Entre longs soupirs, envie de dormir et parfois même rires, les 2h34 d’Enter the Void ont pour la plupart des spectateurs été un véritable calvaire. C’est du moins l’atmosphère qui régnait dans la salle 4 des Galeries en cette chaude nuit de fin juillet. Sur la vingtaine de spectateurs présents seulement 3 ou 4 personnes ont apparemment réussi à entrer dans le vide sublimé proposé par ce film. Plus tard, la sortie du cinéma résonnait de critiques, d’exclamations, de haussements de voix et aussi de déceptions. Mais quoi qu’il en soit et quoi qu’on en ai pensé, personne ne pourra nier qu’Enter the Void est une véritable expérience cinématographique.
En plein cœur d’un Néo-Tokyo hypnotisant de néons, Oscar vit dans un 20m² crasseux avec sa sœur Linda, sulfureuse strip-teaseuse des bas-fonds. Lui est dealer sans se l’avouer et doit (bien entendu) des comptes à son fournisseur, un jeune fils à maman à qui on a oublié de greffer correctement ses attributs masculins. Tout commence alors dans ce bar glauque, où Oscar va rembourser ses dettes pour s’offrir une vie meilleure, à lui et surtout à sa sœur avec laquelle il vit une relation fraternelle fusionnelle. Mais comme vous l’aurez deviné, rien ne se passe comme dans un blockbuster hollywoodien et tout part en vrille sans une once d’avertissement préalable. Alors si ce début basique vous fait déjà soupirer d’ennui, c’est que vous êtes dans la bonne direction pour apprécier ce film. Car à partir de cet instant précis, l’histoire bascule (dans tout les sens du terme) dans un voyage rédempteur et salvateur à travers une ville que l’humanité à délaisser au profit des arrivistes et des vices en tout genre. La surface s’efface au loin et la noirceur nous entoure petit à petit.
Et la noirceur, Gaspard Noé il l’aime, il la chérie plus que tout. Car c’est là qu’il trouve ce qui subsiste d’humanité en chacun de ses personnages, c’est dans ces moments les plus sales, les plus répugnants et destructeurs que se révèle notre vraie nature. C’est ce que Noé s’ai fixé comme but, trouver le beau dans le sale et dans l’insupportable. Réflexion déjà farfouillée dans Seul contre tous et Irréversible, elle trouve dans Enter the Void la place nécessaire à son extension, à son développement.
Ne vous attendez donc pas à passer un moment agréable avec votre nouvelle conquête, au fond d’une salle obscure. Car en plus de la lourdeur du fond, la forme ne vous laissera pas en reste, elle ne vous lâchera pas une seule minute. Du badtrip vertigineux aux flashs épileptiques, en passant par l’exploration interne des parties intimes féminines et les flottements à vous faire vomir, ce film vous marquera au corps d’abord, avant de faire des va-et-vient avec vos méninges.
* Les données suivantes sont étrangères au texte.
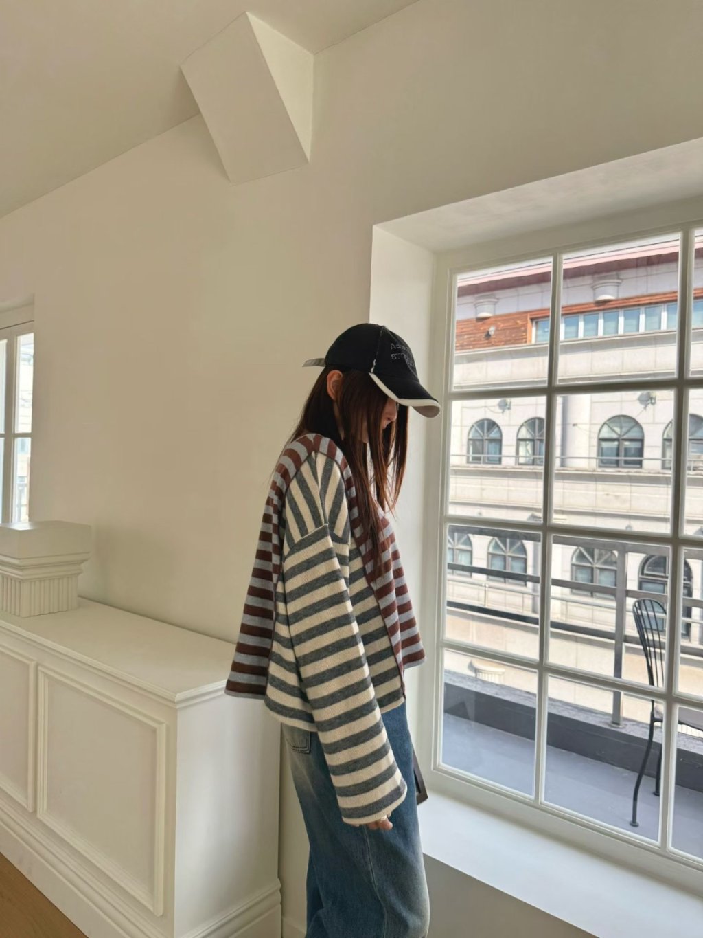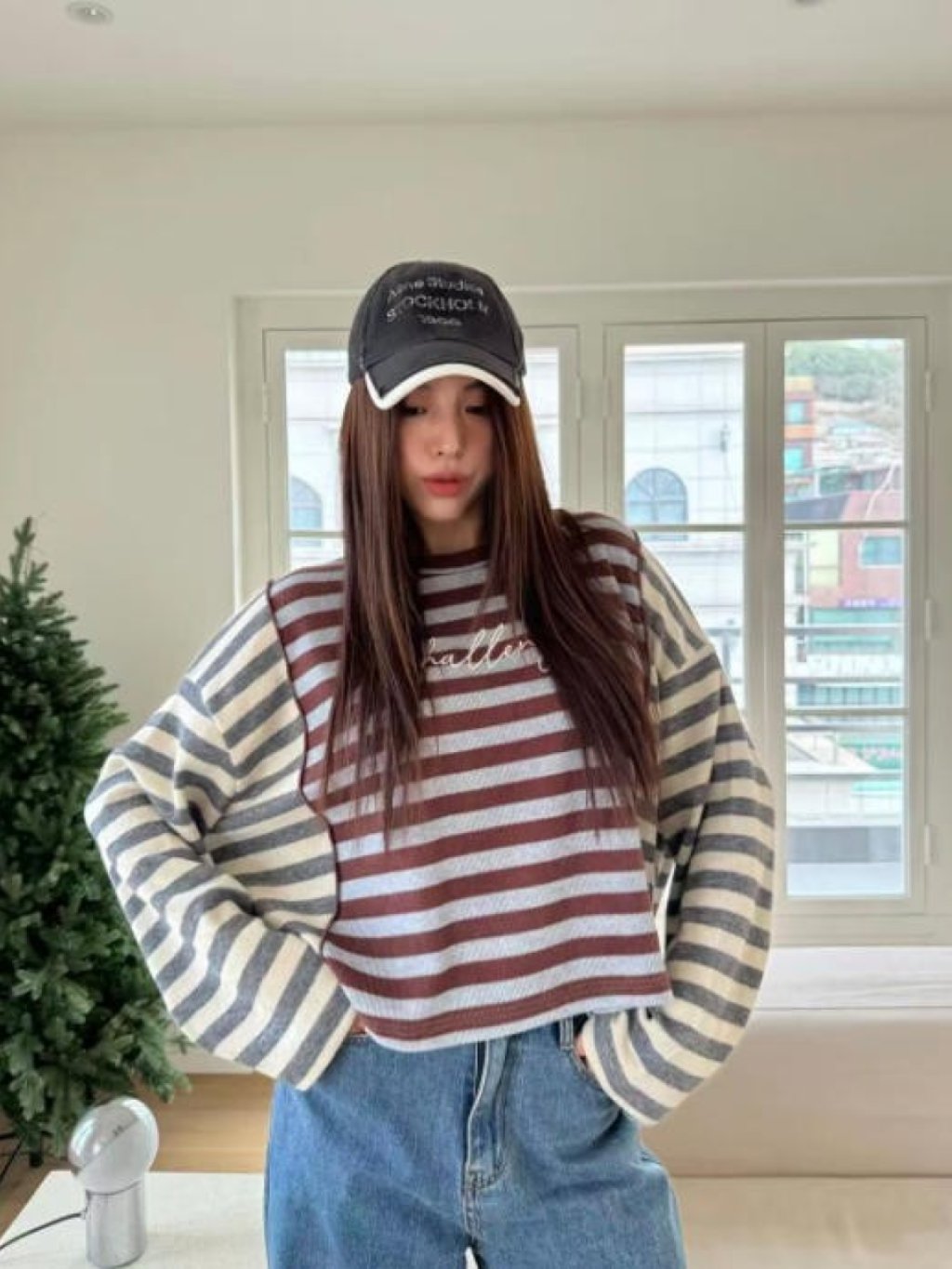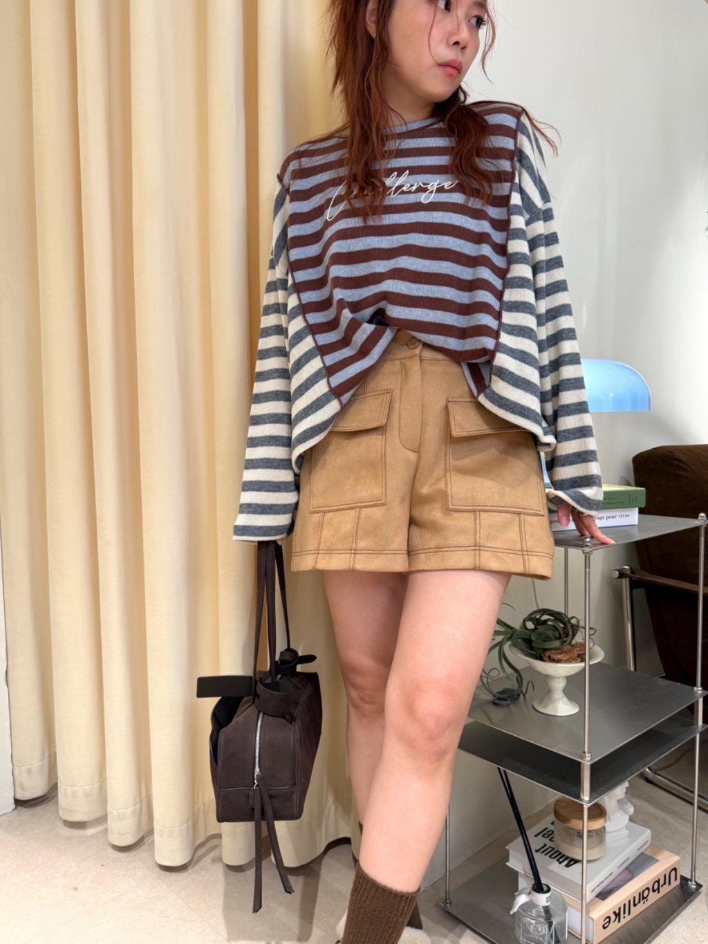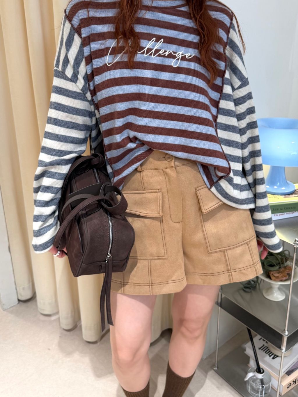 拼色條紋長袖短TEE(LIVE SALE)

Et c’est là que réside tout le génie de ce métrage: allier le fond et la forme à la perfection pour arriver à créer une réaction sensorielle nouvelle, nouvelle car imposée. En effet, Enter the Void ne veux pas vous mettre dans sa poche. Il veut vous impliquer, vous faire vivre les événements. Et c’est je crois sur ce point que la différence d’appréciation se fait. Soit, on accepte le pacte que Noé nous propose et on vit le film, soit on le refuse et on subit le film. C’est de cette manière qu’Enter the Void peut devenir une expérience inédite, dans le sens où il nous implique sans barrières dans l’intrigue, aussi indigeste soit-elle. Rares sont aujourd’hui les films capables d’accomplir ce challenge, de revenir aux racines même de l’art. Et c’est pourtant ce que Noé a réussi ici. Aimer ou détester une œuvre, là n’est pas vraiment la question. Le but de l’art est de faire réagir, de faire ressentir, d’émouvoir. Dans cette optique, Enter the Void mérite d’être considéré comme une œuvre d’art à part entière, une œuvre d’art personnelle d’un artiste sans compromis.
Pour faire bref, je rangerai volontiers Enter the Void entre 2001: l’odyssée de l’espace et Salò ou les 120 journées de Sodome et le chérirai sans complexes jusqu’à ce que mes tripes n’en puissent plus et que mon cerveau se déconnecte.
PS: Votre humble serviteur ne vous a ici donné qu’un avis personnel et vous invite chaleureusement à tenter ces 2h34 qui je l’espère vous marqueront d’une manière ou d’une autre.